» **Records drawn from a dataset**
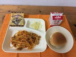 イタリアンスパゲッティ、サワーキャベツ、カレーフィッシュ、ミニコッペパン、牛乳
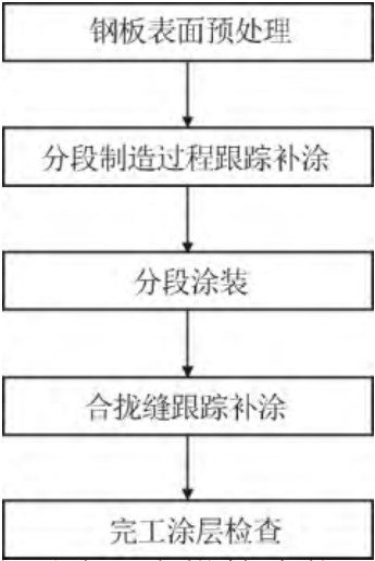 海上浮式風(fēng)電塔筒一般采用分總段制作法。首 先,由環(huán)形筒節(jié)在滾輪架上進(jìn)行組對(duì)形成筒節(jié)分段;其次,筒節(jié)分段在高負(fù)載滾輪架或?qū)S煤贤ゼ苌线M(jìn)行臥式總組; 最后,筒節(jié)總段合攏形成整個(gè)海上浮式風(fēng)電塔筒。海上浮式風(fēng)電塔筒整體涂裝工藝步驟與常規(guī)海工產(chǎn)品涂裝工藝步驟類似,一般分為五個(gè)工藝步驟,工藝流程圖如圖 1 所示。
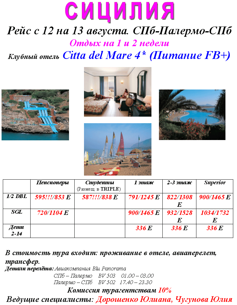 02 Авг 2011 15:10:42 ИТАЛИЯ Сицилия 12.08/13.08 Citta del Mare 4*, скидки! ком. 10% от фирмы АВАТАРА
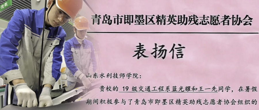 2020年9月初,一封由青岛市即墨区残疾人联合会和青岛市即墨区精英助残志愿者协会共同发出的表扬信,寄到山东水利技师学院,学院交通工程系学生王一先和蓝光耀利用暑假“传承爱心接力助残”的爱心事迹,方被广大师生所知悉.
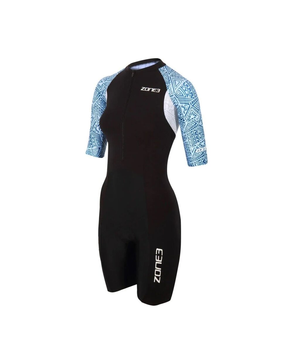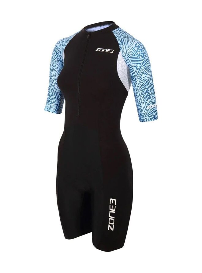 Dámsky Zone3 Lava Short Sleeve Trisuit je prémiový triatlonový oblek navrhnutý pre náročné tréningy a závodné dni. Tento model z kolekcie Lava kombinuje pokročilé technické materiály, aerodynamický strih a štýlový dizajn, aby poskytol športovkyniam maximálny výkon vo všetkých troch disciplínach triatlonu – plávaní, cyklistike aj behu. Trisuit využíva Aeroforce Soft‑Touch materiál na prednej časti trupu a chrbte, ktorý je ľahký, priedušný a rýchloschnúci, zároveň odpudzuje vodu a znižuje odpor pri prechode z vody na suchú trať. Rukávy a horná časť chrbta sú vyrobené z textúrovaného Aero‑Stripe materiálu, ktorý zlepšuje aerodynamiku a stabilitu obleku pri vyšších rýchlostiach. Bočné panely a nohavice používajú Sensory materiál, ktorý poskytuje miernu kompresiu, podporu svalov a komfort počas celého výkonu. Ergonomický strih a panelový dizajn prispôsobený dámskej anatómii zabezpečuje komfortné priľnutie bez obmedzenia pohybu. Oblek má integrované leg grippery pre stabilné držanie nohavíc, ploché švy, ktoré minimalizujú odieranie, a zadnú kapsu na energetické gély či drobné potreby. Predný zips umožňuje jednoduché obliekanie a efektívnu ventiláciu, a Cytech Tri Comp vložka zaručuje pohodlie pri cyklistickej časti aj behu.Detaily
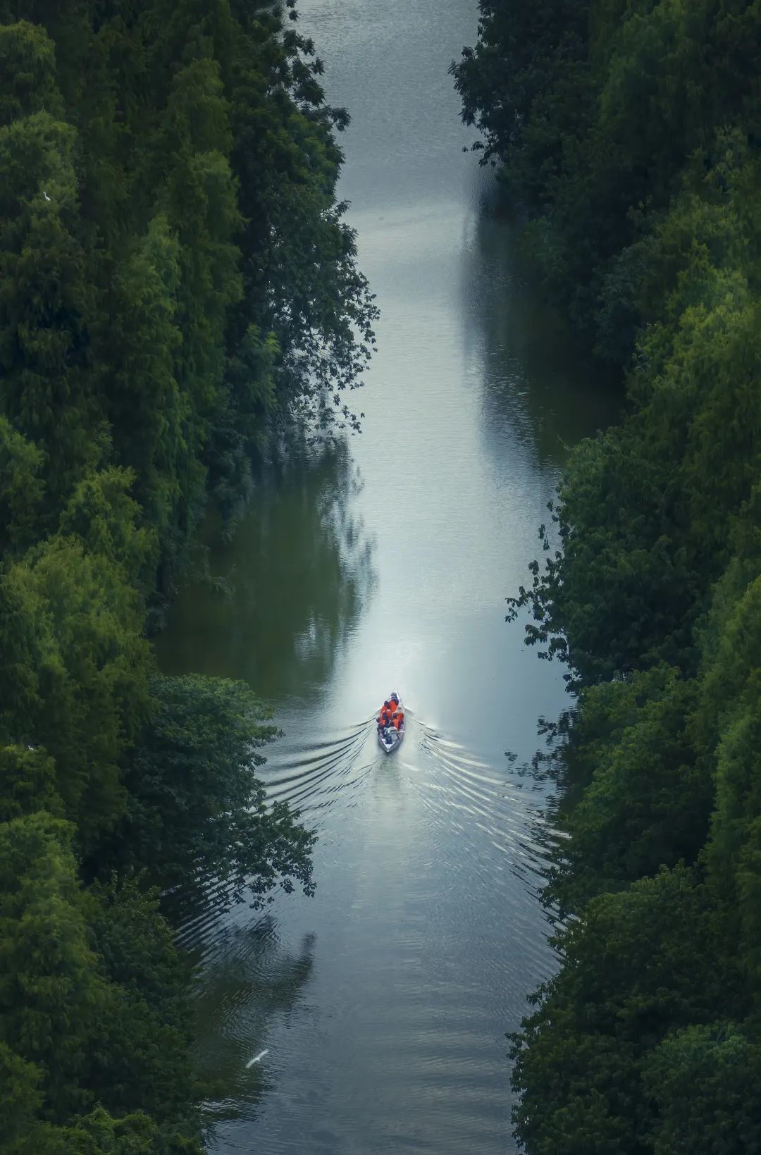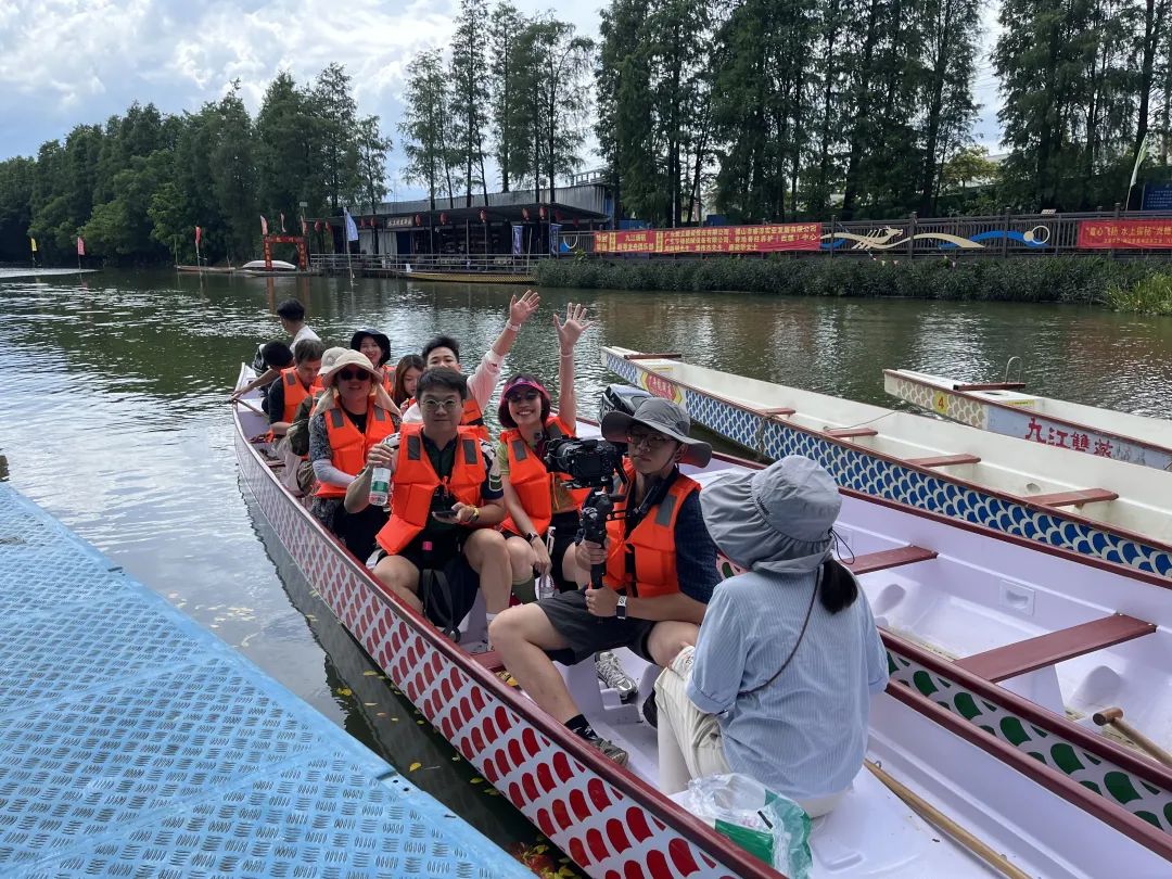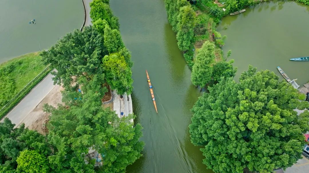 ● 龙舟划过九江璜矶水道的水面,泛起一层层涟漪。水纹、龙舟、白鹭、两岸的杉木共同享受着夏日的宁静。
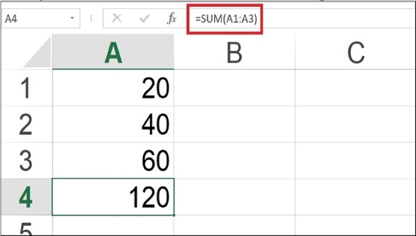 Ví dụ: Tính tổng những dãy số từ A1 đến A3 có cú pháp là =SUM(A1:A3) cho kết quả là 120.
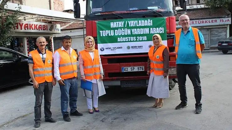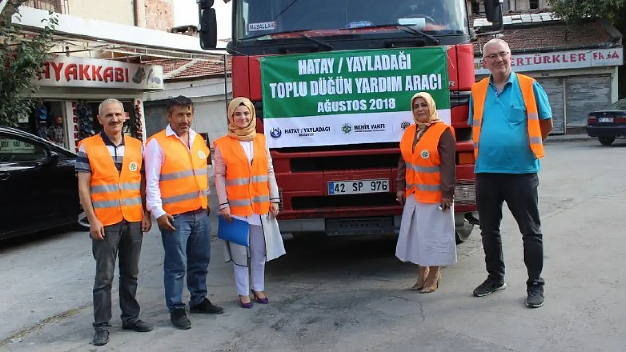 Hatay'ın Yayladağı Belediyesi ile Mehir Vakfı iş birliğinde gerçekleştirilecek toplu nikah töreninde, 21 çift için temin edilen 1 tır dolusu ev eşyası ve hediye takıları Hatay'a gönderildi. Gençleri Evlendirme ve Mehir Vakfı Özel Kalem Müdürü Fatma Nur Aşçı şu açıklamalar da bulundu; “Hatay Yayladağı Belediyesi, Mehir Aile Derneği ve vakfımız işbirliği ile Hatay Yayladağı’nda gerçekleştireceğimiz 21 çiftimizin eşyasını Hatay’a uğurluyoruz. Hayırseverlerimizin desteğiyle hazırlamış olduğumuz yardım tırımızda giyim, ev tekstili, mobilya, züccaciye, altın takı olmak üzere 97 kalem 1.923 adet eşya bulunmaktadır. Hatay Yayladağı’nda evlenecek olan 21 ihtiyaç sahibi çiftimizin toplu düğün merasimleri 04 Ağustos 2018 Cumartesi günü saat 19.00’da Hükümet Konağı Önünde, Hatay Yayladağı Belediyesi, Mehir Aile Derneği ve vakfımız tarafından gerçekleştirilecektir. Tüm hayırseverlerimizi ve gönüldaşlarımızı bu mutlu günümüze şahitlik etmek için, çiftlerimizin yanında olmaya sizlerin huzurunda davet ediyoruz. Toplu düğünümüzün gerçekleşmesinde maddi ve manevi desteklerini esirgemeyen başta Mehir Vakfı Mütevelli Heyeti Başkanımız Sayın Mustafa Özdemir Beyefendiye, Yayladağı Belediye Başkanımız Sayın Mehmet Kalkan Beyefendiye, tüm hayırseverlerimize ve basın mensubu arkadaşlarımıza vakfımız ve şahsım adına teşekkür ediyor, saygılarımı sunuyorum” dedi.
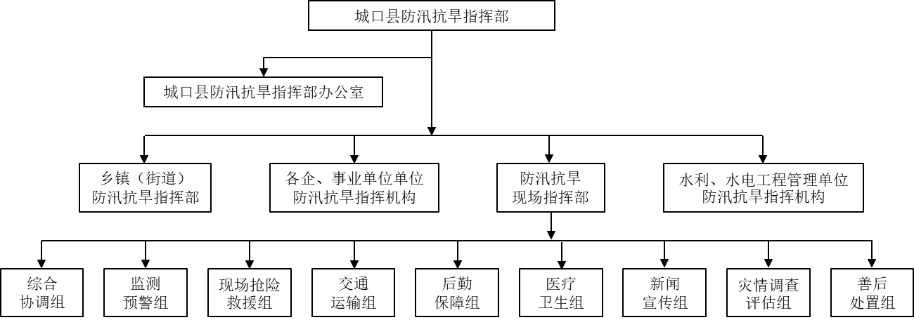 防汛抗旱现场指挥部实行指挥长负责制,由县政府有关领导任指挥长,现场指挥部下设综合协调组、监测预警组、现场抢险救援组、交通运输组、后勤保障组、医疗卫生组、新闻宣传组、灾情调查评估组、善后处置组等9个应急处置工作组。城口县防汛抗旱指挥体系图见附件1。

» **WHAT IS REQUIRED**
The preceding entries are to be returned verbatim, with every picture excluded.

» **SOLUTION TO THIS EXERCISE**
 イタリアンスパゲッティ、サワーキャベツ、カレーフィッシュ、ミニコッペパン、牛乳
 海上浮式風(fēng)電塔筒一般采用分總段制作法。首 先,由環(huán)形筒節(jié)在滾輪架上進(jìn)行組對(duì)形成筒節(jié)分段;其次,筒節(jié)分段在高負(fù)載滾輪架或?qū)S煤贤ゼ苌线M(jìn)行臥式總組; 最后,筒節(jié)總段合攏形成整個(gè)海上浮式風(fēng)電塔筒。海上浮式風(fēng)電塔筒整體涂裝工藝步驟與常規(guī)海工產(chǎn)品涂裝工藝步驟類似,一般分為五個(gè)工藝步驟,工藝流程圖如圖 1 所示。
 02 Авг 2011 15:10:42 ИТАЛИЯ Сицилия 12.08/13.08 Citta del Mare 4*, скидки! ком. 10% от фирмы АВАТАРА
 2020年9月初,一封由青岛市即墨区残疾人联合会和青岛市即墨区精英助残志愿者协会共同发出的表扬信,寄到山东水利技师学院,学院交通工程系学生王一先和蓝光耀利用暑假“传承爱心接力助残”的爱心事迹,方被广大师生所知悉.
 Dámsky Zone3 Lava Short Sleeve Trisuit je prémiový triatlonový oblek navrhnutý pre náročné tréningy a závodné dni. Tento model z kolekcie Lava kombinuje pokročilé technické materiály, aerodynamický strih a štýlový dizajn, aby poskytol športovkyniam maximálny výkon vo všetkých troch disciplínach triatlonu – plávaní, cyklistike aj behu. Trisuit využíva Aeroforce Soft‑Touch materiál na prednej časti trupu a chrbte, ktorý je ľahký, priedušný a rýchloschnúci, zároveň odpudzuje vodu a znižuje odpor pri prechode z vody na suchú trať. Rukávy a horná časť chrbta sú vyrobené z textúrovaného Aero‑Stripe materiálu, ktorý zlepšuje aerodynamiku a stabilitu obleku pri vyšších rýchlostiach. Bočné panely a nohavice používajú Sensory materiál, ktorý poskytuje miernu kompresiu, podporu svalov a komfort počas celého výkonu. Ergonomický strih a panelový dizajn prispôsobený dámskej anatómii zabezpečuje komfortné priľnutie bez obmedzenia pohybu. Oblek má integrované leg grippery pre stabilné držanie nohavíc, ploché švy, ktoré minimalizujú odieranie, a zadnú kapsu na energetické gély či drobné potreby. Predný zips umožňuje jednoduché obliekanie a efektívnu ventiláciu, a Cytech Tri Comp vložka zaručuje pohodlie pri cyklistickej časti aj behu.Detaily
 ● 龙舟划过九江璜矶水道的水面,泛起一层层涟漪。水纹、龙舟、白鹭、两岸的杉木共同享受着夏日的宁静。
 Ví dụ: Tính tổng những dãy số từ A1 đến A3 có cú pháp là =SUM(A1:A3) cho kết quả là 120.
 Hatay'ın Yayladağı Belediyesi ile Mehir Vakfı iş birliğinde gerçekleştirilecek toplu nikah töreninde, 21 çift için temin edilen 1 tır dolusu ev eşyası ve hediye takıları Hatay'a gönderildi. Gençleri Evlendirme ve Mehir Vakfı Özel Kalem Müdürü Fatma Nur Aşçı şu açıklamalar da bulundu; “Hatay Yayladağı Belediyesi, Mehir Aile Derneği ve vakfımız işbirliği ile Hatay Yayladağı’nda gerçekleştireceğimiz 21 çiftimizin eşyasını Hatay’a uğurluyoruz. Hayırseverlerimizin desteğiyle hazırlamış olduğumuz yardım tırımızda giyim, ev tekstili, mobilya, züccaciye, altın takı olmak üzere 97 kalem 1.923 adet eşya bulunmaktadır. Hatay Yayladağı’nda evlenecek olan 21 ihtiyaç sahibi çiftimizin toplu düğün merasimleri 04 Ağustos 2018 Cumartesi günü saat 19.00’da Hükümet Konağı Önünde, Hatay Yayladağı Belediyesi, Mehir Aile Derneği ve vakfımız tarafından gerçekleştirilecektir. Tüm hayırseverlerimizi ve gönüldaşlarımızı bu mutlu günümüze şahitlik etmek için, çiftlerimizin yanında olmaya sizlerin huzurunda davet ediyoruz. Toplu düğünümüzün gerçekleşmesinde maddi ve manevi desteklerini esirgemeyen başta Mehir Vakfı Mütevelli Heyeti Başkanımız Sayın Mustafa Özdemir Beyefendiye, Yayladağı Belediye Başkanımız Sayın Mehmet Kalkan Beyefendiye, tüm hayırseverlerimize ve basın mensubu arkadaşlarımıza vakfımız ve şahsım adına teşekkür ediyor, saygılarımı sunuyorum” dedi.
 防汛抗旱现场指挥部实行指挥长负责制,由县政府有关领导任指挥长,现场指挥部下设综合协调组、监测预警组、现场抢险救援组、交通运输组、后勤保障组、医疗卫生组、新闻宣传组、灾情调查评估组、善后处置组等9个应急处置工作组。城口县防汛抗旱指挥体系图见附件1。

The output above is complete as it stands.